- **HOW TO COMPLETE THIS TASK**
Each line of the records has to be copied exactly, though the pictures must be left out.

Saved data entries:
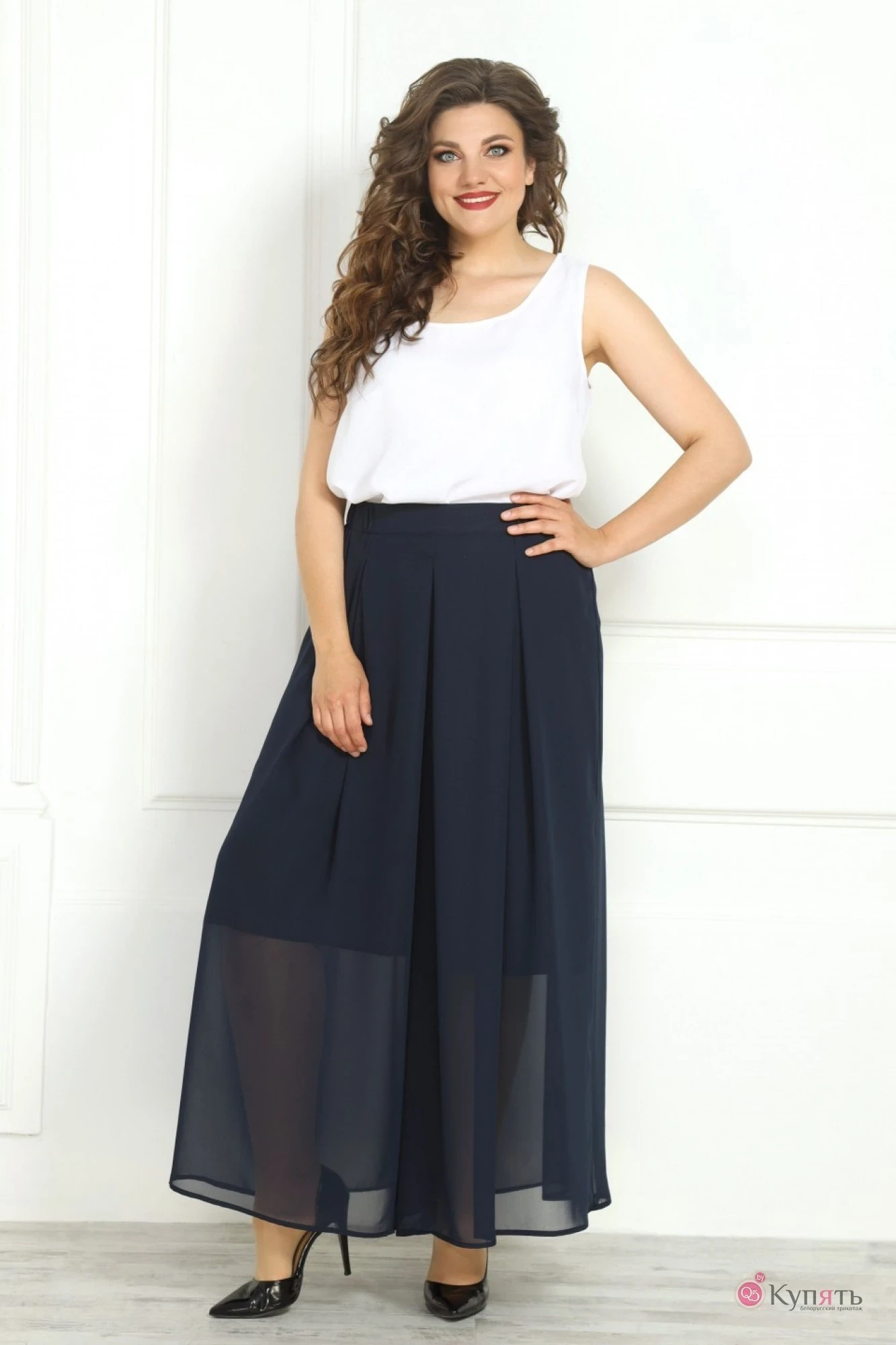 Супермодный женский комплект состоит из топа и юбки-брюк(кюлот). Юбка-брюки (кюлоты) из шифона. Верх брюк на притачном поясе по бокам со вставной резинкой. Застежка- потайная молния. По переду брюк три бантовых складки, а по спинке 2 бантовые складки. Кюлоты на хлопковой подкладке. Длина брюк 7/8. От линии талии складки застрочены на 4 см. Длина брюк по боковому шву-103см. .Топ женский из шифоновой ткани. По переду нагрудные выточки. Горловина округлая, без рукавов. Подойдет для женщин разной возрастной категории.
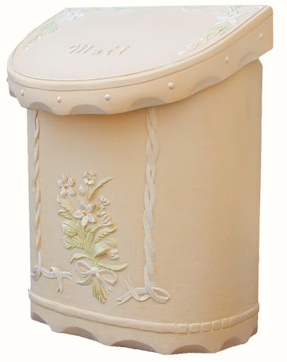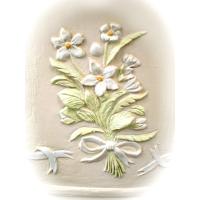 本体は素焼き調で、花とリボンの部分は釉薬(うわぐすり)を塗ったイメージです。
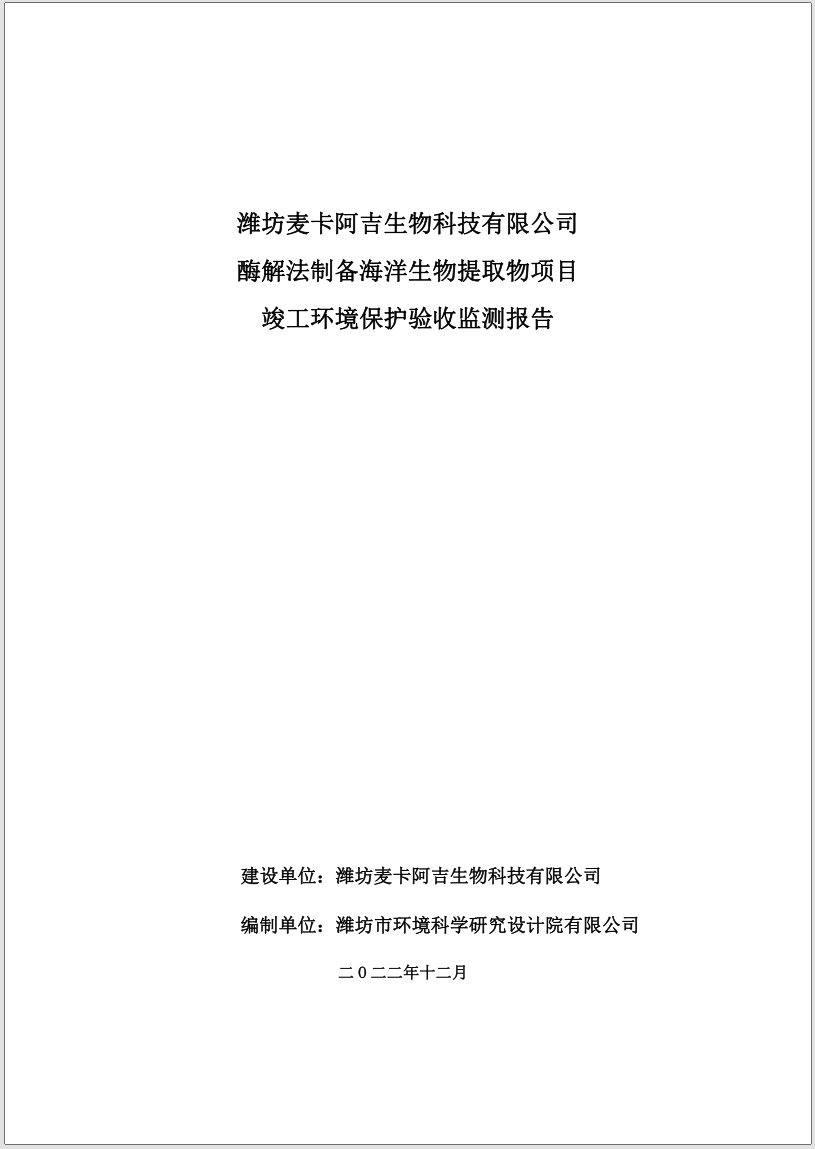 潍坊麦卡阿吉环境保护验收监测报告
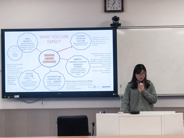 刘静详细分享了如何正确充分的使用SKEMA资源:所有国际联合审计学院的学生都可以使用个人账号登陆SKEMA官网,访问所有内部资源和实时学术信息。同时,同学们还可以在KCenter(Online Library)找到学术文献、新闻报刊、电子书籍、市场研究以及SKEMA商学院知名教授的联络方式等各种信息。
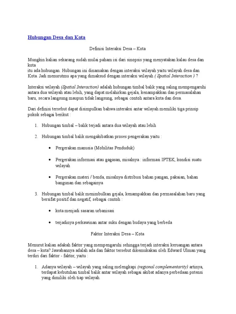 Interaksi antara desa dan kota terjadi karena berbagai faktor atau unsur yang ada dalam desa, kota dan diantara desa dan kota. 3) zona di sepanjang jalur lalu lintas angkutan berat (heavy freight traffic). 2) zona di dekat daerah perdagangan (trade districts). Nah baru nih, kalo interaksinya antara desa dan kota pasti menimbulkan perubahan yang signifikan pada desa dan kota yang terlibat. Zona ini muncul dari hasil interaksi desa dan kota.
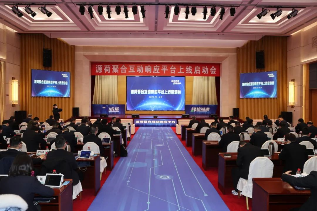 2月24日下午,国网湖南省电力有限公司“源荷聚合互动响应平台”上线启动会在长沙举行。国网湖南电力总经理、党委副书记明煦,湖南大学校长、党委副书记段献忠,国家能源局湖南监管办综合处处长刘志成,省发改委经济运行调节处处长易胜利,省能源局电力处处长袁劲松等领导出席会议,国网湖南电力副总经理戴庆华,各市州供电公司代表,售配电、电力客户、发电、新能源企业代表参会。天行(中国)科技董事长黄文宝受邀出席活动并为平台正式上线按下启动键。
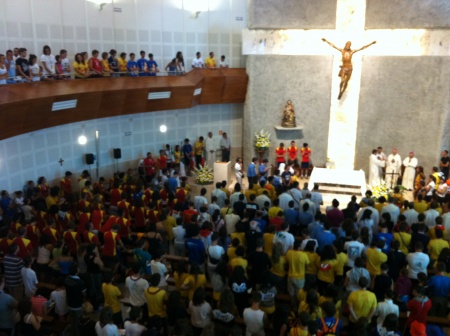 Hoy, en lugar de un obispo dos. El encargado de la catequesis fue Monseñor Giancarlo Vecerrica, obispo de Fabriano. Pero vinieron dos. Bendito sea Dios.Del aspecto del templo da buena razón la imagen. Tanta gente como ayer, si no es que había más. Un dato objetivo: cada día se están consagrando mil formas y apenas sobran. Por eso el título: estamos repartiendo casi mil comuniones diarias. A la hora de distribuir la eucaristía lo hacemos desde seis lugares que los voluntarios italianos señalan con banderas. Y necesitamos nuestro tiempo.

- **FINISHED TASK**
 Супермодный женский комплект состоит из топа и юбки-брюк(кюлот). Юбка-брюки (кюлоты) из шифона. Верх брюк на притачном поясе по бокам со вставной резинкой. Застежка- потайная молния. По переду брюк три бантовых складки, а по спинке 2 бантовые складки. Кюлоты на хлопковой подкладке. Длина брюк 7/8. От линии талии складки застрочены на 4 см. Длина брюк по боковому шву-103см. .Топ женский из шифоновой ткани. По переду нагрудные выточки. Горловина округлая, без рукавов. Подойдет для женщин разной возрастной категории.
 本体は素焼き調で、花とリボンの部分は釉薬(うわぐすり)を塗ったイメージです。
 潍坊麦卡阿吉环境保护验收监测报告
 刘静详细分享了如何正确充分的使用SKEMA资源:所有国际联合审计学院的学生都可以使用个人账号登陆SKEMA官网,访问所有内部资源和实时学术信息。同时,同学们还可以在KCenter(Online Library)找到学术文献、新闻报刊、电子书籍、市场研究以及SKEMA商学院知名教授的联络方式等各种信息。
 Interaksi antara desa dan kota terjadi karena berbagai faktor atau unsur yang ada dalam desa, kota dan diantara desa dan kota. 3) zona di sepanjang jalur lalu lintas angkutan berat (heavy freight traffic). 2) zona di dekat daerah perdagangan (trade districts). Nah baru nih, kalo interaksinya antara desa dan kota pasti menimbulkan perubahan yang signifikan pada desa dan kota yang terlibat. Zona ini muncul dari hasil interaksi desa dan kota.
 2月24日下午,国网湖南省电力有限公司“源荷聚合互动响应平台”上线启动会在长沙举行。国网湖南电力总经理、党委副书记明煦,湖南大学校长、党委副书记段献忠,国家能源局湖南监管办综合处处长刘志成,省发改委经济运行调节处处长易胜利,省能源局电力处处长袁劲松等领导出席会议,国网湖南电力副总经理戴庆华,各市州供电公司代表,售配电、电力客户、发电、新能源企业代表参会。天行(中国)科技董事长黄文宝受邀出席活动并为平台正式上线按下启动键。
 Hoy, en lugar de un obispo dos. El encargado de la catequesis fue Monseñor Giancarlo Vecerrica, obispo de Fabriano. Pero vinieron dos. Bendito sea Dios.Del aspecto del templo da buena razón la imagen. Tanta gente como ayer, si no es que había más. Un dato objetivo: cada día se están consagrando mil formas y apenas sobran. Por eso el título: estamos repartiendo casi mil comuniones diarias. A la hora de distribuir la eucaristía lo hacemos desde seis lugares que los voluntarios italianos señalan con banderas. Y necesitamos nuestro tiempo.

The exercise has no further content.